Prenatal alcohol exposure around the time of conception resulted in a reduction in all 1CM components in the placenta in late gestation, particularly those in the folate cycle, some of which were also reduced in the maternal and fetal compartments. Maternal choline supplementation increased components of 1CM, restoring levels in PCE-exposed placentas to those of unsupplemented controls. There were also sex-specific effects of both PCE and choline on 1CM that may underlie the alterations to placental DNAm that were previously reported in this model. Choline supplementation reduced Ach in control placentas but not in PCE-exposed placentas, the consequences of which require further investigation. However, importantly, there were no effects on Ach in the fetal brain. This study provides further mechanistic insights into the interactions between prenatal diet and alcohol exposure, and emphasizes the importance of maternal dietary choline intake, particularly when alcohol is consumed around conception.

Supplementary Materials

The following supporting information can be downloaded at: https://www.mdpi.com/article/10.3390/nu14091874/s1. Figure S1: Effects of PCE and prenatal choline on components of the folate cycle (A–C), choline pathway (D–F), and methionine cycle (G–J) in late-gestation maternal plasma. Figure S2: Effects of PCE and prenatal choline on components of the folate cycle in placentas of male (A,B) and female (C,D) fetuses. Figure S3: Effects of PCE and prenatal choline on components of the choline pathway in placentas of male (A,B) and female (C,D) fetuses. Figure S4: Effects of PCE and prenatal choline on components of the methionine cycle in placentas of male (A–C) and female (D–F) fetuses. Figure S5: Effects of PCE and prenatal choline on expression of phosphatidylethanolamine methyl transferase (Pemt) in placentas of male (A) and female (B) fetuses. Figure S6: Effects of PCE and prenatal choline on components of the folate cycle in male (A–C) and female (D–F) fetal plasma. Figure S7: Effects of PCE and prenatal choline on components of the methionine cycle in male (A–D) and female (E–H) fetal plasma. Figure S8: Effects of PCE and prenatal choline on components of the choline pathway in male (A–C) and female (D–F) fetal plasma. Figure S9: Effects of periconceptional ethanol and choline supplementation on acetylcholine (Ach) levels in maternal plasma (A), fetal plasma (B,D), and fetal liver (C,E). Table S1: Primers used for real-time quantitative PCR analysis of gene expression. Table S2: Effects of periconceptional ethanol and choline supplementation on components of the one-carbon metabolism (1CM) pathway in the fetal liver. Table S3: The effects of periconceptional ethanol and choline supplementation on components of the one-carbon metabolism (1CM) pathway in the fetal brain.

Author Contributions

Conceptualization, L.K.A., S.E.S., J.S.M.C. and K.M.M.; formal analysis, S.E.S., L.K.A. and V.K.; funding acquisition, S.E.S., L.K.A. and K.M.M.; methodology, S.E.S., V.K., J.S.M.C., L.K.A. and K.M.M.; supervision, L.K.A. and K.M.M.; writing—original draft, S.E.S.; writing—review and editing, S.E.S., L.K.A., J.S.M.C. and K.M.M. All authors have read and agreed to the published version of the manuscript.

Funding

This research was funded by National Health and Medical Research Council for support of S.E.S. (grant number APP1191217) and K.M.M. (grant number APP1078164); Children’s Hospital Foundation Mary McConnel Boost Program for Women in Paediatric Research for L.K.A. (award reference number 50331).

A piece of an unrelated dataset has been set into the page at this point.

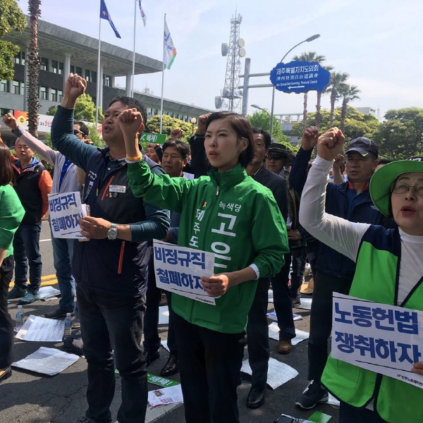 고은영 예비후보는 "비정규직 없는 제주도를 함께 만들어 나가겠다는 연대의 의지를 표하고자 참석했다"며 "제주는 국제자유도시라는, 신자유주의의 실험장이 돼 어느 지역보다 비정규직의 비율이 높은 지역이다. 제주의 민낯"이라고 지적했다.

Institutional Review Board Statement

The animal study protocol was approved by the University of Queensland Anatomical Biosciences Animal Ethics Committee (SBMS/467/14/NHMRC).

Informed Consent Statement

Not applicable.

Data Availability Statement

All the processed data are available as manuscript figures or supplementary information.

Acknowledgments

The authors would like to thank: Emelie M. Gårdebjer, Emily S. Dorey, and Jacinta I. Kalisch-Smith for their contributions to the development of the animal model; Arree M. Fielding, Nykola L. Kent, Isabella Andersen, Daniel J. Browne, and Guo Wei (Jeoff) Cheng for assistance with tissue collections; and Dave Herne and Barb Arnts from the University of Queensland Biological Resources (UQBR) for assistance with animal treatments and husbandry.

Conflicts of Interest

The authors declare no conflict of interest.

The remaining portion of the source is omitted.